What is being asked |
Starting with the line with "Гибридный лак для" in the entries below and going on through the line with "オトナカジュアルコーデ◎ ゆったりシルエットのニットは ボトムスを選ばずに着られるので", output every line exactly and nothing more. No pictures.

===== Excerpted data =====

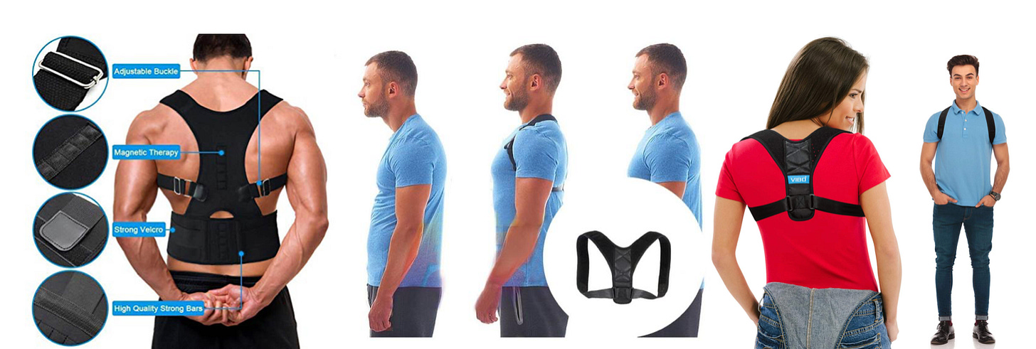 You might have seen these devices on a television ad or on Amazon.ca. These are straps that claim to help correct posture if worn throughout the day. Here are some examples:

=====
===== Excerpted data =====

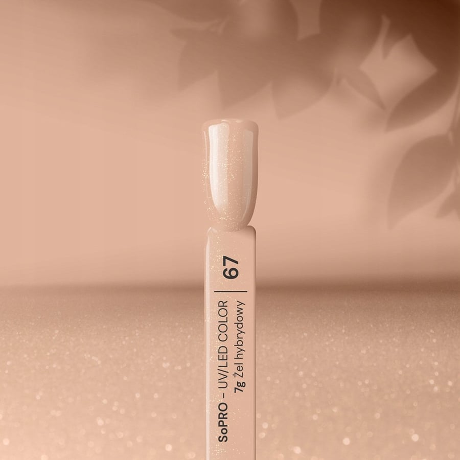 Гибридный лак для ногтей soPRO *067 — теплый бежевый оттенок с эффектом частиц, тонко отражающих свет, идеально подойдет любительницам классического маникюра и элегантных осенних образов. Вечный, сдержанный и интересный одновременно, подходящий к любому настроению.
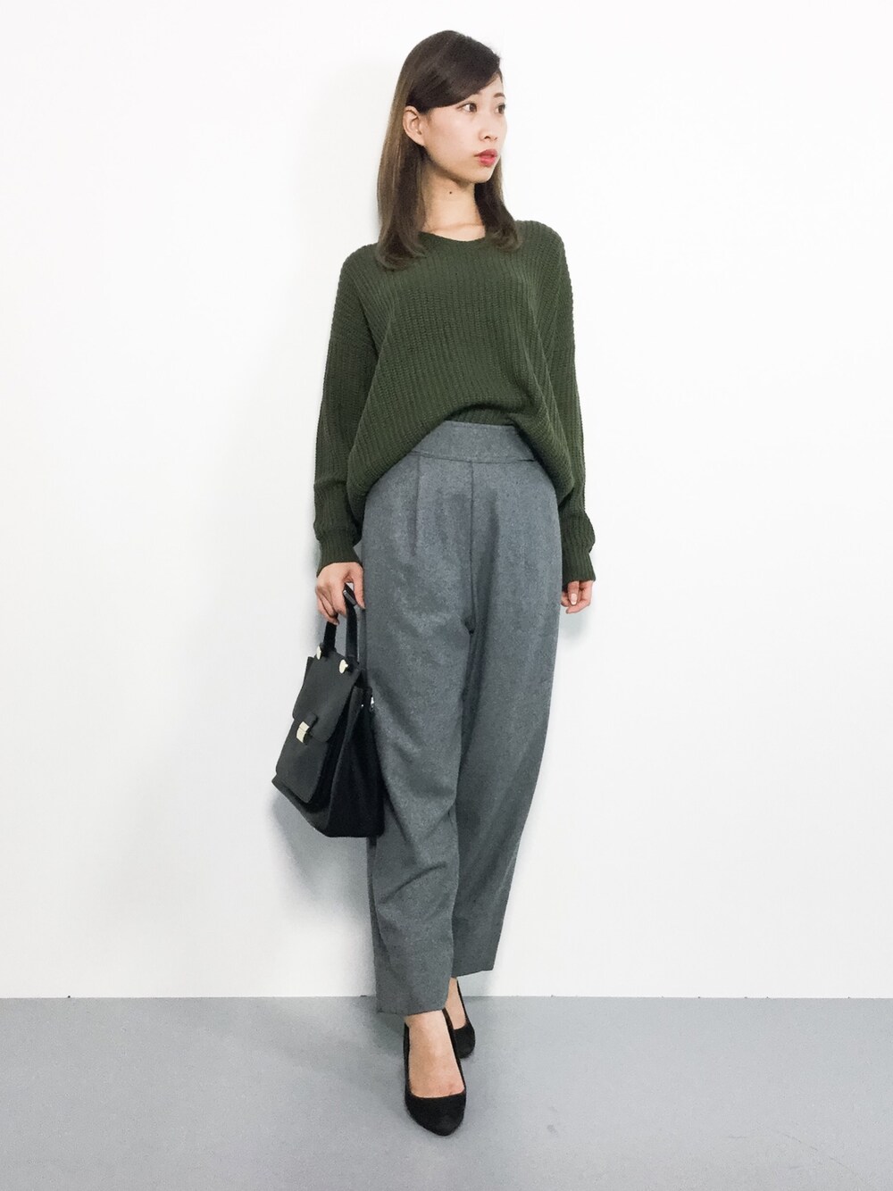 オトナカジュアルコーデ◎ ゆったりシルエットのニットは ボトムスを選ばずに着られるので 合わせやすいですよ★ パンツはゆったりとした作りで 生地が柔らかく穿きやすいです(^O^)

=====

Exercise result |
 Гибридный лак для ногтей soPRO *067 — теплый бежевый оттенок с эффектом частиц, тонко отражающих свет, идеально подойдет любительницам классического маникюра и элегантных осенних образов. Вечный, сдержанный и интересный одновременно, подходящий к любому настроению.
 オトナカジュアルコーデ◎ ゆったりシルエットのニットは ボトムスを選ばずに着られるので 合わせやすいですよ★ パンツはゆったりとした作りで 生地が柔らかく穿きやすいです(^O^)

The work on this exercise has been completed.